The European Union’s General Data Protection Regulation (GDPR) has, however, come close to helping patients secure their data in digital platforms. The policy takes a more elaborate approach by mandating all organizations - non-health and health providers - that use personal health information to obtain informed consent to collect and use patient data. Consent, here, involves expressly stating how the data will be used, who will have access to them, and for how long the data will be in their possession, a violation of which attracts heavy fines.
Oddly enough, this has been met with a few violations. A case in point is the controversial agreement between the Royal Free Trust (RFT) and Google’s AI-driven app DeepMind, in which the UK’s Information Commissioner's Office (ICO) found that the RFT contravened the GDPR rule.
The RFT provided personal data of over 1.6 million patients in a trial to test an AI algorithm that could detect and diagnose acute kidney injury. The ICO found that the patients were not informed that their data would be a part of the test.
The Way Forward
AI and machine learning have inarguably made great advances in medicine including developing cheaper and more effective disease diagnostics, efficient drug development, and faster clinical trials. Therefore, we need to find a balance between leveraging these advances and protecting personal data.
In the wake of this, several privacy-enhancing technologies (PET) are being developed to allow conscientious usage of personal health data and gain patient’s trust.
Many such systems allow a PHR vendor as an intermediary to verify the identity of an individual and provide the required data to third-party organizations using an electronic token. Using the token, the vendor does not have to disclose the personal identifiers or other personal information of the patient. Also, using the token, the patient can access information about the third party and how they plan to use their health data. The patient can even decline consent to use their data.
For instance, using Data Track, a tool developed as part of the European Union’s Privacy and Identity Management for Europe (PRIME) project, patients can look up a history of their online activities; what information they provided to whom, and what these organizations intended to use these data for.
Furthermore, some systems give patients control over what information they disclose. These systems use a group of software called attribute-based credentials (ABCs). Examples of this software are Microsoft’s UProve and IBM’s Identity Mixer. These ABCs giver users autonomy over their data, allowing them to validate information anonymously and limit the linkability of these data to multiple other users.
Experts also recommend that AI developers secure personal data by decentralizing it, an encryption model called federated learning. Here developers and data consumers receive anonymized health data, with no information traceable to a particular user. This way, only the learning outcome or output data is centralized, leaving out any identifiers or personal information.
For HIPAA, the main law protecting data privacy, a lot is also being done to seal the attendant loopholes in its regulation. For instance, new laws are being created to expand covered entities in HIPAA to include non-health providers that collect and use personal data such as Google and Facebook.

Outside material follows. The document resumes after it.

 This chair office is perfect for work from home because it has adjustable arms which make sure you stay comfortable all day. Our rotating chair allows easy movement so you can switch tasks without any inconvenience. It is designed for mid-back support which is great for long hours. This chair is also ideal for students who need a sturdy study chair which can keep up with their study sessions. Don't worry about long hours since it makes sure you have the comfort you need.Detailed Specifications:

Going forward, the US may also need to pattern its privacy laws after the GDPR, which demands that all companies that collect and use personal data must state in clear terms how the data shall be used, with huge financial penalties to defaulters.
Data privacy issues remain a lingering concern as AI continues to infiltrate healthcare. Nonetheless, continued discussions and solutions are needed to harness the gains of AI in healthcare while ensuring patients’ dignity and privacy are respected.